Many of us learned to read the Bible from children’s Bible storybooks made up of individual stories—Adam and Eve, David and Goliath, Jonah and the big fish (of course it was Jonah and the whale back then), the boy’s five loaves and two fish, and so on. We learned to look for stories, snippets of Scripture. And usually these came with a moral lesson about trusting God, making the right decisions, being honest, serving others, or something else.
The other main way we heard the Bible taught was character centric, like a series of mini-bios. We studied the lives of Abraham, Joseph, Ruth, Saul, Solomon, Esther, Peter, and Paul. We were taught about their shortcomings and their faithfulness. We learned that they were examples for us to follow, just not perfect ones.

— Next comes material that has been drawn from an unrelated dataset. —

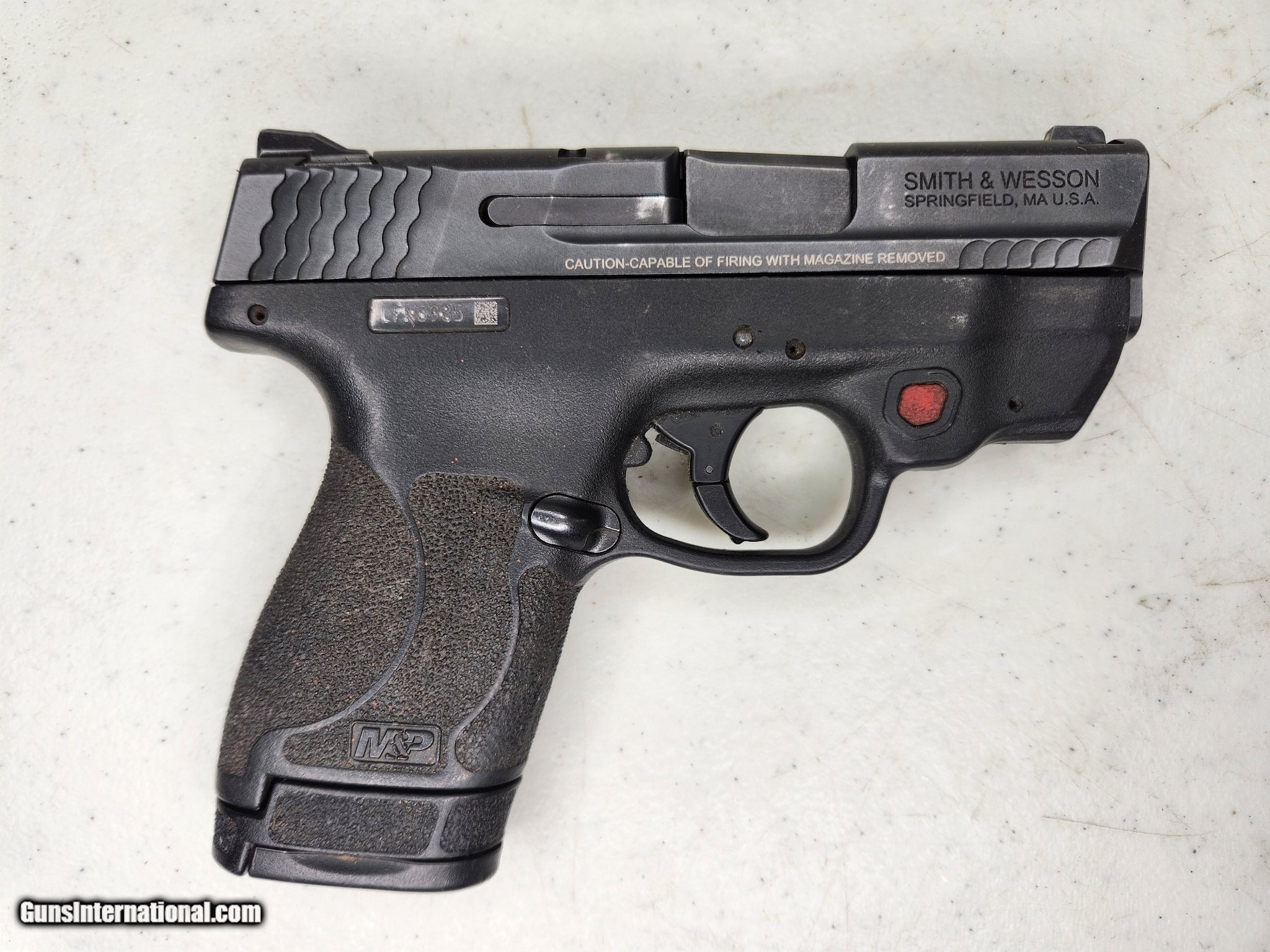 Description: Guns Listing ID: 694000 SMITH & WESSON M&P 9 - 9MM - 8 ROUNDS - 3 \" Gun includes one magazine. Gun in fair condition. Wear consists of dirt, discoloration spots, scratches to barrel, grip, sight, safety. Overall gun shows a tarnished or worn look. See photos for more details. FCS068550 KCD SOLD Manufacturer: SMITH & WESSON Model: M&P 9 Caliber Info: 9MM LUGER (9X19 PARA) Condition: Used - Non-Certified Barrels: 3 BARREL Finish: BLUE |

We must learn to read the whole story of Scripture from beginning to end. The Bible is God’s story of redemption, the revelation of Himself and His plan for the world. All those stories and all those characters are parts of the whole, characters in the drama, but none of them are the point. They all point to the point: Jesus Christ came, lived a perfect life, died an innocent death to save sinners and kill death and sin, and will one day return to right all the wrongs. Sure, some parts of the Bible are confusing and dry, but they fit in the whole too. And when we understand that there is a whole narrative, even those parts start to make sense in their context. When you're wondering how to read the Bible, it's un understanding the greater story being told.